WCOM: a new Chinese satellite mission for studies of the global water cycle

The IEEE Los Angeles Geoscience and Remote Sensing Society Chapter Present a Special Lecture Event!

WCOM: a new Chinese satellite mission for studies of the global water cycle

Dr. Jiancheng Shi
State Key Laboratory of Remote Sensing Science, Beijing, China

Wednesday, May 30, 2018
5:30–7:30 PM

Arms Laboratory, Sharp Lecture Hall
California Institute of Technology
Pasadena, California

About the Talk: The Water Cycle Observation Mission (WCOM) is the first Earth science driven satellite mission of China with the most synergetic capabilities for global water cycle observations.
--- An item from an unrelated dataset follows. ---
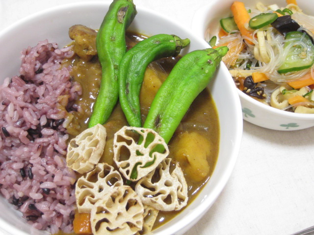 前の日に用事で実家に行った際にポークカレーをもらったので、この日はそれで。ただ、ちょっと野菜が少ないなと思ったので、焼き野菜をトッピングしてみました。で、折角なので、ご飯は黒米入りで。
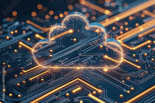 Sparkling Cloud Symbol with Circuit Designs for Data Synchronization and Connectivity in Digital Technology

WCOM is currently under engineering phase and will be launched around 2020.

WCOM aims to measure the global water cycle under global changes through synchronous acquisition of its key elements in an accurate manner. Key elements including soil moisture, ocean salinity, snow water equivalent, soil freeze-thaw, atmospheric water vapor, precipitation and other associated parameters will be measured by improving the accuracy and synchronization. The resulted consistent and accurate datasets will enable us to refine the long-term satellite observations over the past decades, and to represent the changing trend in hydrological elements which are needed for global change studies.

The mission concept of WCOM satellite is a combination of active and passive microwave remote sensors with a wide frequency coverage. The WCOM satellite will be flown with a 6:00 am/pm sun synchronous polar orbit at about 600 km height. The WCOM satellite design provides not only the most sensitive microwave information of the target element but also the environmental variables which are needed in the retrieval algorithms.

About the Speaker: Dr. Jiancheng Shi received his B.A. in Hydrogeology and Engineering Geology from the University of Lanzhou in China, and his M.A. and Ph.D. degrees in Geography from the University of California, Santa Barbara (UCSB) in 1982, 1987, and 1991, respectively.  He then worked the Institute for Computational Earth System Sciences (later Earth Research Institute) at UCSB as a research professor.  In 2010, he joint Institute of Remote Sensing and Digital Earth, Chinese Academy of Sciences as director and senior research scientist at the State Key Laboratory of Remote Sensing Science in Beijing, China. His research interests are microwave remote sensing of water cycle related components. He has published more than 300 journal and conference papers. He is a PI of Chinese Global Water Cycle Mission and Fellows of IEEE and SPIE.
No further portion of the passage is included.